Alternatively, differences in fecal SCFA levels may result from shifts in microbial production due to altered microbiota community composition. We found increased propionate in primiparous participants with excess GWG and/or pBMI > 25, consistent with a prior study that found increased fecal propionate in pregnant individuals with a pBMI > 25 compared to pBMI < 25, although parity and GWG were not reported.Citation59 Prevotella-dominant microbiota produce more propionate – and more SCFAs overall – than Bacteroides-dominant microbiota.Citation60 This is consistent with our finding that Prevotella was increased in participants with a pBMI > 25, while Bacteroides was decreased, particularly in primiparous participants. A previous study also found decreased Bacteroides in the first and third trimesters with pre-pregnancy overweight,Citation17 although others have reported increased levels in the third trimester with pre-pregnancy overweight but not obesity.Citation18,Citation61 In independent studies, Prevotella has been associated with improved glucose toleranceCitation62 and impaired glucose tolerance.Citation63 This functional diversity mirrors that of Bacteroides and suggests that the impacts of these genera depend on host physiology, including pregnancy history.

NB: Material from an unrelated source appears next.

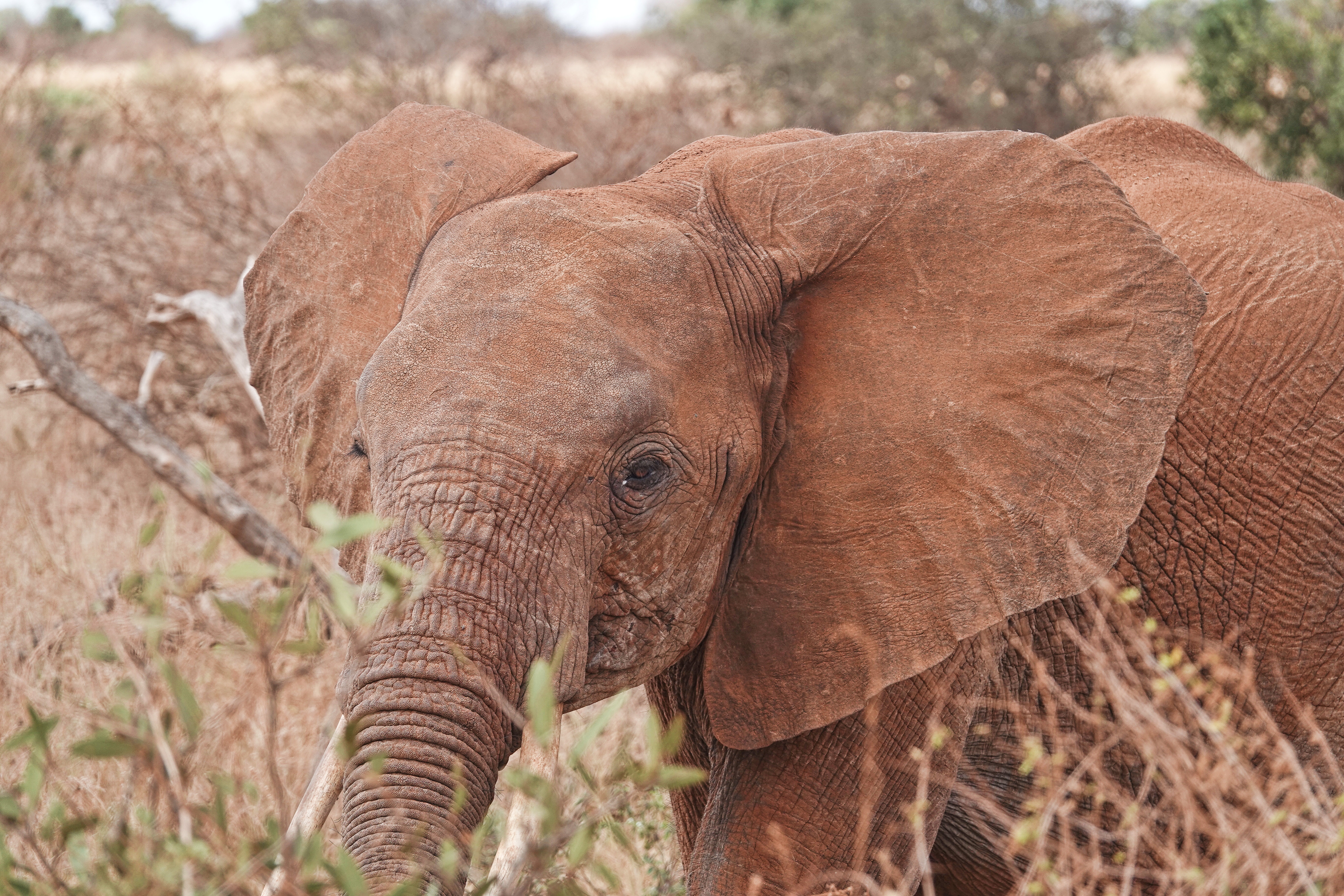 Tsavo East National Park in Kenya is famous for its “red elephants” and big tuskers. The elephants are not red of course, but the soil is full of red clay, and when the elephants are freshly “dusted”, and in the right light, they certainly look red. Elephants dust or mud themselves to protect their skin from the sun and insects. All elephants do it. It is just that the soil of Tsavo East turns them red when they do. The big tusks of Tsavo East are more of a mystery. Elephants with big tusks are increasingly rare in other areas of Kenya and Tanzania, but many remain at Tsavo East. No one knows exactly why. Sony RX10iv at 90mm, 350mm and 600mm. Program mode. Processed in Polarr. Note the corrugated tongue on the close-up. 🙂
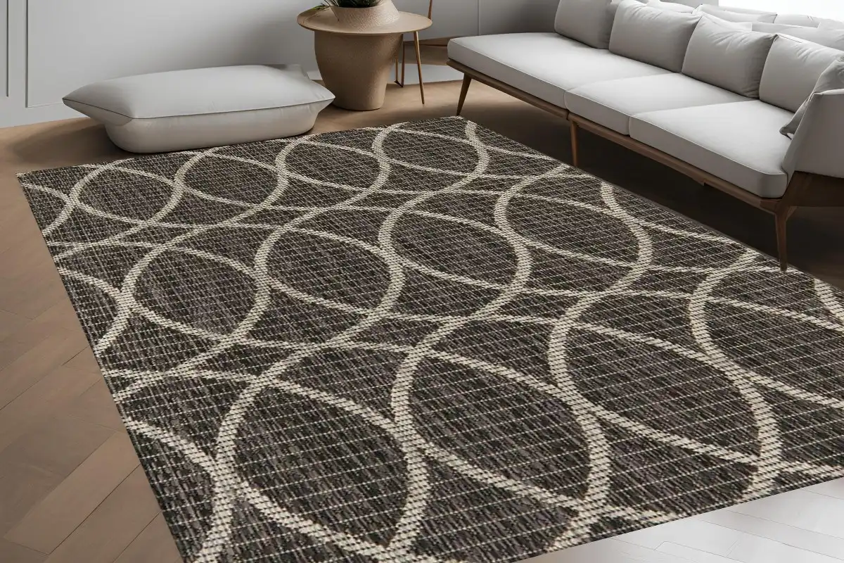 Bu halının gri ve bronz-kahverengi tonları, farklı dekorasyon tarzlarına uyum sağlayan sofistike ve çok yönlü bir zemin oluşturur.

Future studies are needed to longitudinally investigate pregnancies within participants as well as in the intrapartum period to test this hypothesis.

Shifts in the maternal gut microbiota can impact the infant gut microbiome by (1) altering fetal intestinal development through the in utero environment and (2) direct transmission of maternal microbes to the infant during and after birth. Disruption of this vertical transmission may have persistent effects on the infant gut microbiota, as we found perinatal antibiotic exposure was associated with a decrease in Bifidobacterium in the infant gut microbiota at 6 months of age. We show novel data that support the position that parity modulates the impact of maternal GWG on infant characteristics at birth and the infant gut microbiota at 6 months of age. Excess GWG is often associated with a reduced risk of small for gestational age (SGA) birth weight and an increased risk of large for gestational age (LGA) birth weight,Citation64 although some data suggest that maternal obesity can also be associated with intrauterine growth restriction (IUGR).Citation65 Little to no data exist on the modulating effect of parity. We found that excess GWG was associated with higher birth weight in infants of multiparous participants, and a tendency toward lower birth weight in infants of primiparous participants. These impacts of excess GWG were also associated with a shift in microbiota beta diversity at 6 months of age in infants of multiparous – but not primiparous – participants. These same infants also had a decrease in Bacteroides and an increase in Bifidobacterium reflecting similar shifts in the maternal gut microbiota consistent with the high rates of vertical transmission previously found for these genera.Citation66 Therefore, health behaviors during pregnancy and the postpartum/intrapartum interval should be supported not only for maternal health but also infant microbiotal health.

Our study has both strengths and limitations. Our longitudinal sampling of a prospective pregnancy cohort allowed us to explore beta diversity within participants to overcome the overwhelming effect of interindividual variation. However, as we recruited participants in the first trimester of pregnancy, we are unable to address pregnancy-associated shifts in the gut microbiota that may occur very early in gestation. We also show potential functional outcomes of observed microbial shifts in our analysis of fecal SCFA levels, but did not quantify circulating SCFA levels, which may more directly modulate host metabolism.Citation67 We also cannot measure whether production versus absorption on these SCFAs is altered with pregnancy, GWG, BMI, or parity. Functional analyses using metagenomics would significantly contribute to these observations and the field of perinatal microbial profiling. We acknowledge that our sample size is limited but despite this we should robust relationships and suggest that future studies must consider parity in their experimental design when investigating maternal microbial profiling. Finally, although our study is unique among studies of the pregnancy microbiome in its design and relationship to parity, we were unable to examine any interacting effects of pBMI and GWG as the vast majority of participants with high pBMI also had excess GWG.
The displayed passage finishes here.